In the case of Latvia, historically we had serviced transactions from which other countries kept their distance. This was not only ethically unacceptable but also threatened Latvia's geopolitical affiliation with Western Europe and its values. On the one hand, Latvia expects a lot from the European Union and NATO, but on the other hand, it was unable to comply with international norms of financial behavior, at the same time directly endangering itself.
Latvian financial institutions continue to export financial services, this has not disappeared anywhere.
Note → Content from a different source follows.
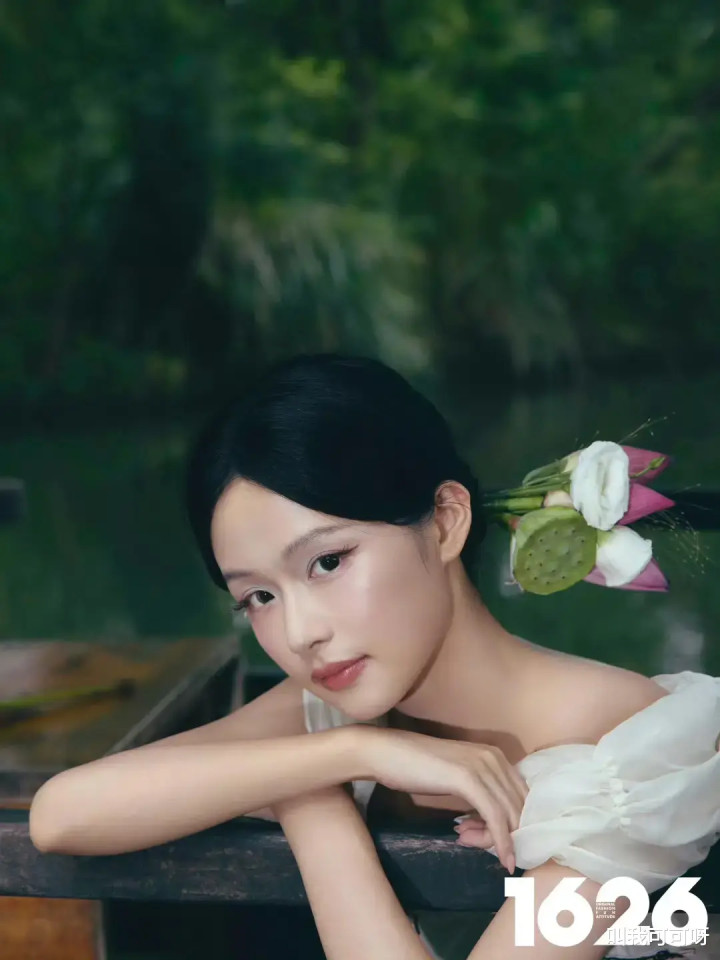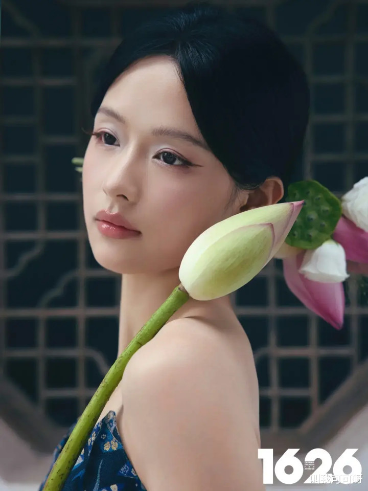 在这组造型中,余茵巧妙地以莲蓬与半开荷花为簪,将自然界的灵韵与东方美学的精髓凝聚于发间。荷花自古以来便是高洁、清雅的象征,而余茵未施粉黛的面容与花枝相映成趣,呈现出一种清新脱俗的美感。这种极致简化的装饰手法,以荷花半开半合的姿态传递出“余韵”审美,延续了中国水墨丹青的写意精神,令人感受到一种超脱于世俗的宁静与美好。

Another thing is that Latvia is no longer a simple payment center that services shell companies of high and virtually unmanageable risk, which, unfortunately, is how it was internationally recognized.
To the best of our knowledge, such countries have not been selected as their target customers also by the countries listed in the table. In addition, Malta is on the FATF's gray list. It should also be noted that most of the countries listed in the table also have a strong, export-oriented real sector, which is also served by their financial institutions, thus also contributing to financial export performance.
In the long run, Latvia definitely has the opportunity to make a comeback and ensure the export of financial services - one that is based on our knowledge, technologies, as well as the advantage of the capital Riga being a city of international significance, which has always had a high level of knowledge and experience working with other countries. The fact that Latvian financial institutions no longer serve virtually unmanageable foreign risk, shell companies are prohibited, which do not have an economic nature and restructure their customer portfolio by offering financial services with higher added value (asset management, securitization, etc.), while consistently and professionally applying a risk-based approach to combating financial crime is undoubtedly good for the whole Latvian economy and international reputation.
It also provides a basis for further organic growth and innovation in financial services export.
A good regional example of financial services export is Sweden, which, as a major export country, supports its producers in other countries, for example by even financing their capital goods in developing countries and using its good reputation and predictability to act as an intermediary for international investments that are willing to be listed on a Swedish stock exchange, while the companies themselves invest outside Sweden."